RR: I was at Chicago until ‘52, and then I was at Yale from ‘52 to ‘56. I remember watching the Army-McCarthy hearings at Yale. Chicago was perhaps the left-most American university except maybe CCNY and Columbia. When the communists took Czechoslovakia in ‘48, I was a member of the Chicago student senate (or whatever they called it). I introduced a resolution of sympathy with the students of Charles University who’d been killed by the Communists. It was killed 40-2, because it was seen as lending aid and comfort to the capitalists. It was viewed as red-baiting. In those days, Chicago students genuinely believed that saying anything nasty about Stalin counted as red-baiting. The student newspaper was communist, and eventually it turned out that the editor had been registering for one credit a quarter. He was getting paid, believe it or not, by Moscow gold. He was being paid by the party to run the student newspaper. When McCarthy came along and said the Communists had infiltrated everywhere, he could produce lots of similar examples. But, of course, Chicago was not typical of the American academy at that time. I spent my time at Chicago making red-baiting remarks, as I had been brought up to do. I became unpopular with my fellow students for making them.

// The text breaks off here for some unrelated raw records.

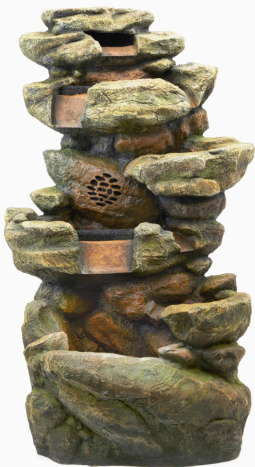
Fountain x1 (LED lights pre-installed)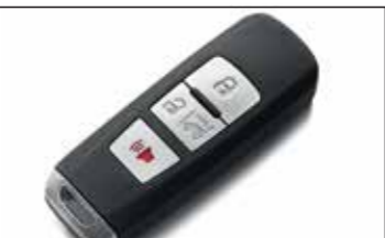
Passive Keyless Entry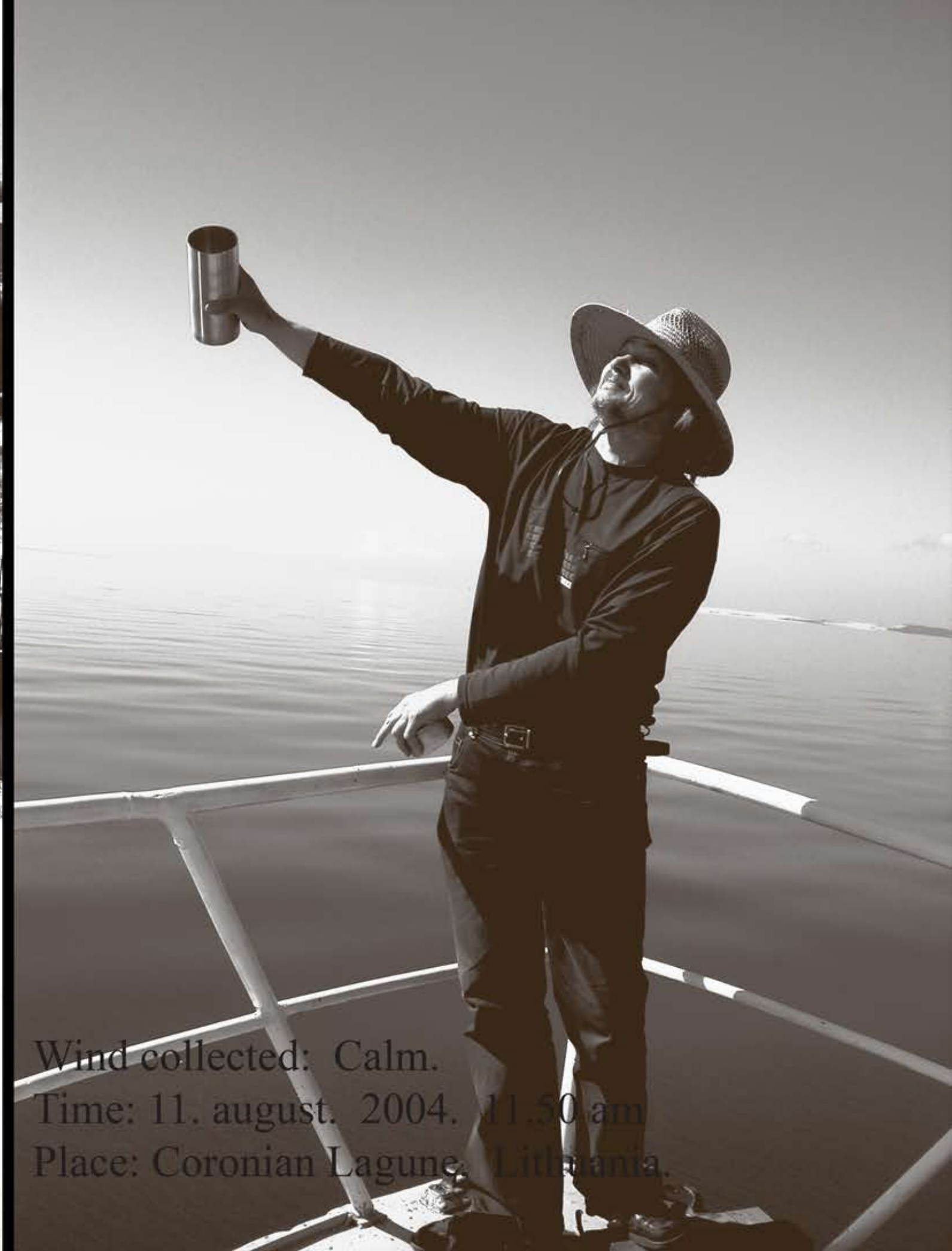
Wind collected: Calm. Time: 11. august. 2004. 11.50 am Place: Coronian Lagune, Lithuania.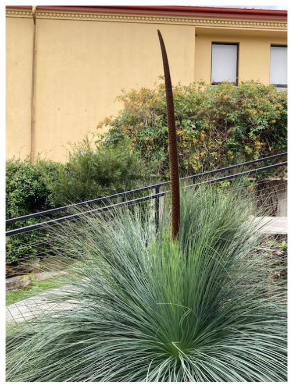
5 Xanthorrhoea flower spike

After building the brick walls in the back garden, Des build the rain forest area. Needing 30 CM all over of mulch for the rainforest base, he first had delivered 13 free truckloads of mulch. These were moved 3 times with a 3 month wait, after being advised by the RBG that this was what they did. 2 water tanks equal to 10,000L were also installed around this time at the bottom of the garden.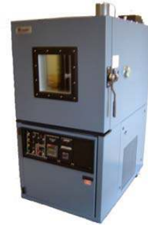
G (B/D) - 8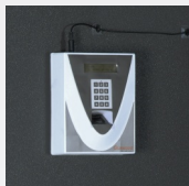
Biometric access control system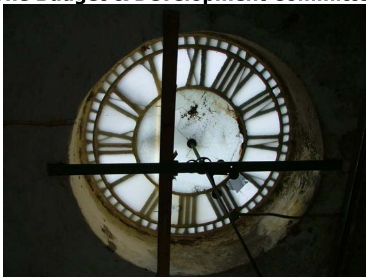
Camborne Town Clock before restoration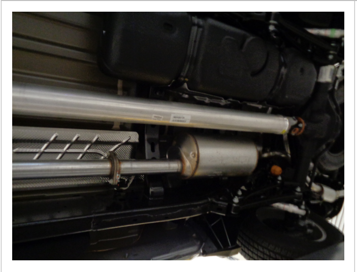
Step 1: To remove the OEM exhaust system, loosen hardware at the muffler flange.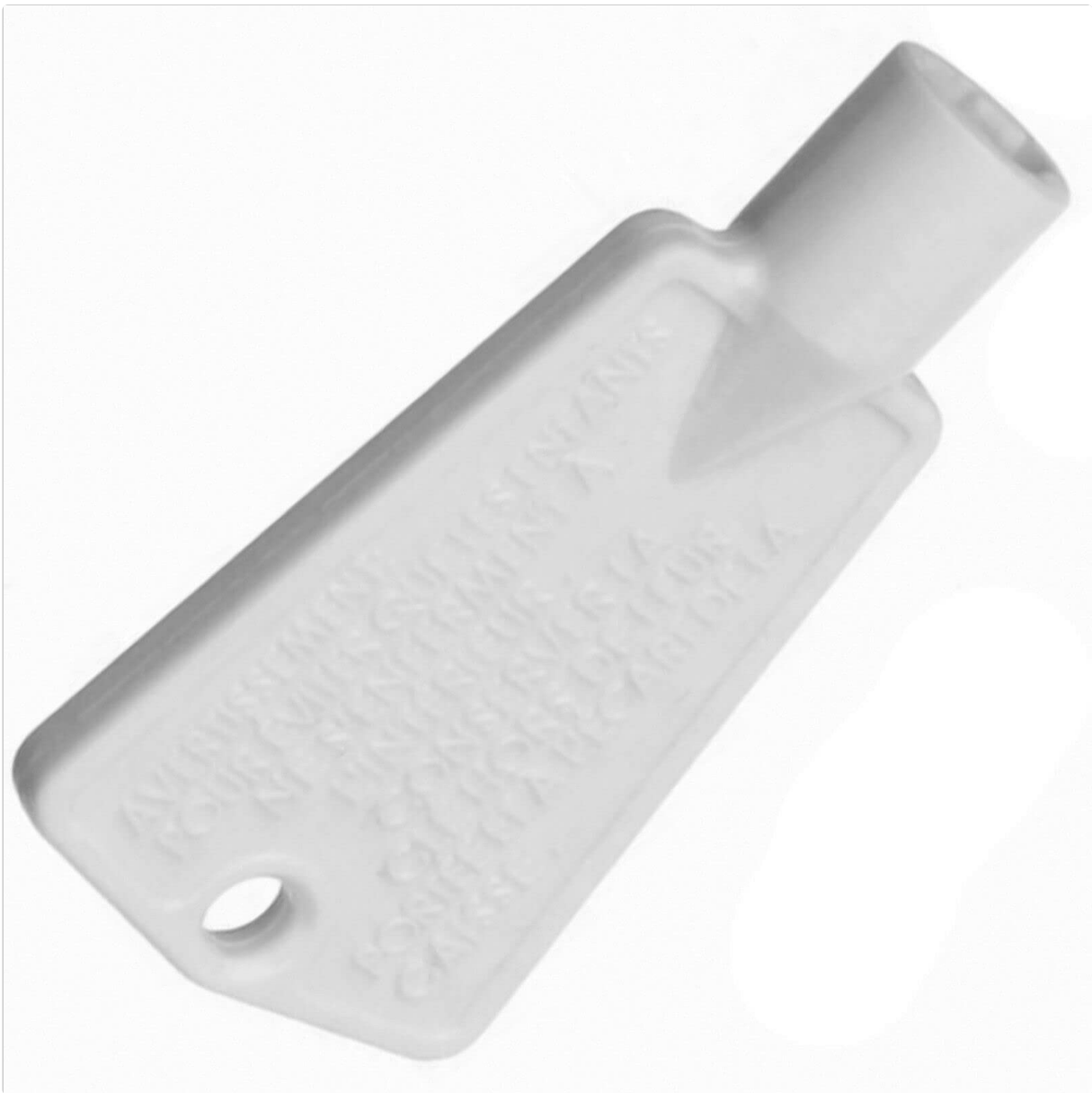
Image: The KOB Freezer Door Lock Key, a white plastic key designed for freezer door locks.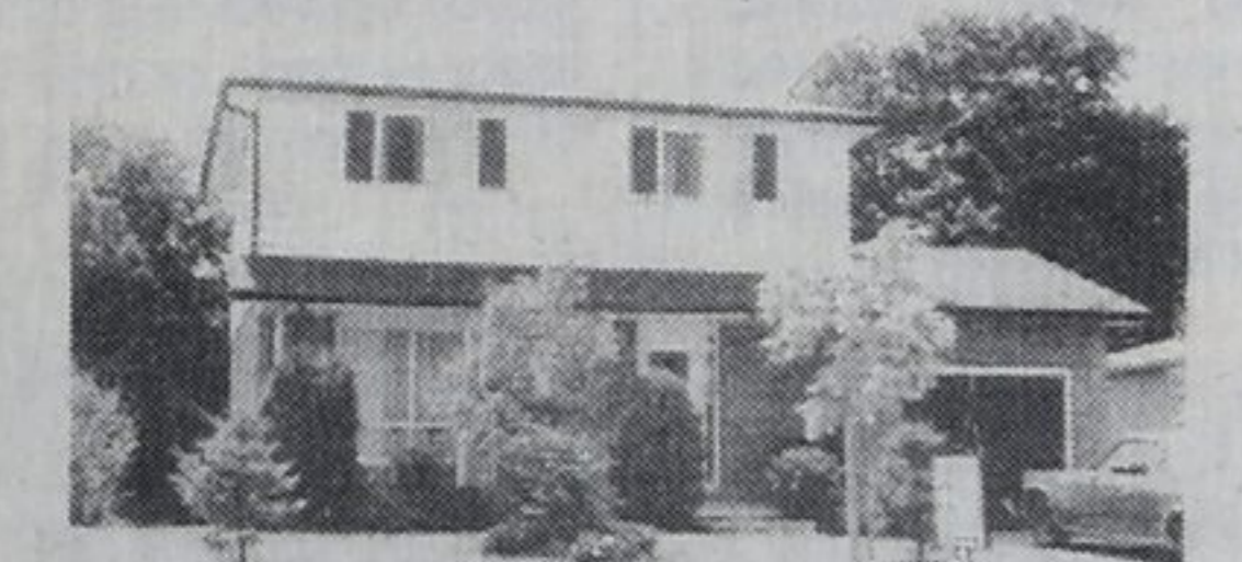
$48,900 - MIDLAND 7-YEAR OLD Very well kept 4-bdrm home with full finished basement, 2 baths, gas heating. Mary Thompson.

Admittedly, I have pretty much no evidence one way or the other, not being a historian of the university at midcentury, but given the current state of campus politics, one is hard pressed to believe that this university was ever the “left-most American university,” or that only 2.5% of elected students would have voted to condemn a Communist action. The university I know today seems more apolitical than anything else, and is certainly at least as marked by the pro-market Milton Friedman heritage as by any kind of leftist politics. To be sure, there’s a vague memory that SDS was big in the ’60s and that there was a building occupation in 1969, but even if you read the 2008 newspaper article commemorating that event, the sense is that the student body was quite diverse and far from monolithically radical. The time Rorty describes, of course, was twenty years before that, just as the Cold War was getting started — at a point when I suppose American views of the USSR may have been temporarily relatively positive, in the aftermath of the US-Soviet war-time alliance.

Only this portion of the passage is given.